Universidade Federal de Rondônia

PALAVRAS-CHAVES: Gênero, Sexualidade, Violência.

Gênero, Família e Sexualidade: Imaginário e Violência2

INTRODUÇÃO

Os objetivos da pesquisa visam identificar os motivos para o casamento e a separação e o modo pelo qual a violência se atualiza no decorrer desses processos; analisar a mobilidade social e a rede social dos sujeitos (Bott, 1976; Sluzki,1997); caracterizar imaginários específicos a homens e mulheres quanto à noção de trabalho e divisão doméstica e social do mesmo; fazer etnografia da Delegacia da Mulher, das residências e dos contextos urbano das famílias. As interpretações dos dados não se apóiam em validade estatística. A pesquisa estabelece a hipótese de que a violência é social e generalizada, embora afete particularmente os mais pobres.

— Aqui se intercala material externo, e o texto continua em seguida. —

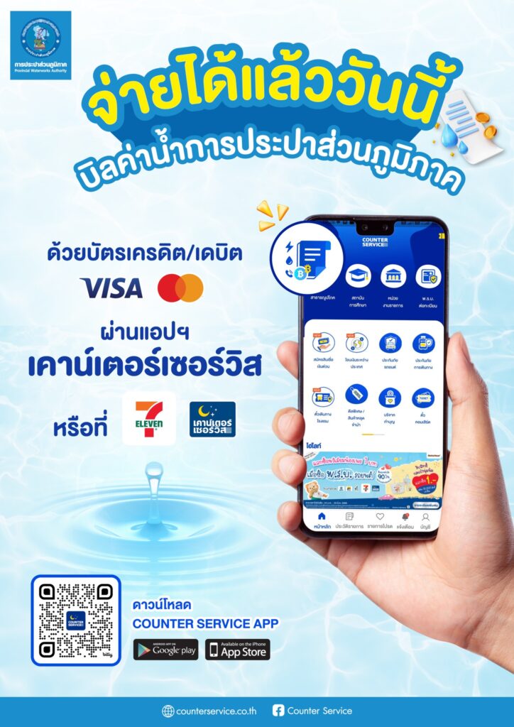 การประปาส่วนภูมิภาค แนะนำจ่ายบิลค่าน้ำประปา ผ่านบัตรเครดิต/เดบิตได้แล้ว

A perspectiva teórica com a qual trabalhamos, toma por base o programa e os procedimentos da Escola Sociológica Francesa (Cemin, 2001), focalizando as “categorias do entendimento” enquanto representação e prática. Analisa o imaginário através do Teste Arquétipo de Nove Elementos (AT9) criado por Yves Durand (1988), com o objetivo de testar a teoria das estruturas antropológicas do imaginário de Gilbert Durand. (1997). Em três ciclos do PIBIC, foram preenchidas 93 fichas de dados sociológicos, realizadas 30 entrevistas, 30 levantamentos de rede social e 26 testes.

A Noção de Gênero

Analisando o “estado da arte“ sobre a produção antropológica em torno do tema de gênero, Heilborn (1982) indica que ela veio em substituição à categoria mulher que não dá conta do caráter relacional que a noção comporta. Scott (1995) argumenta que a categoria de gênero pode ser tomada em duas acepções – forma de classificação e dado constitutivo da identidade dos sujeitos. Ao mesmo tempo, os gêneros se instituem e se entrecruzam socialmente de vários modos: classe, etnia, religião, opção partidária, faixa etária, escolarização e profissão. Alem disso, no interior de cada pólo as diferenças também se multiplicam como arranjos plurais que desautorizam dualismos simplificados (Scott, 1995; Butler,2003; Haraway, 2003).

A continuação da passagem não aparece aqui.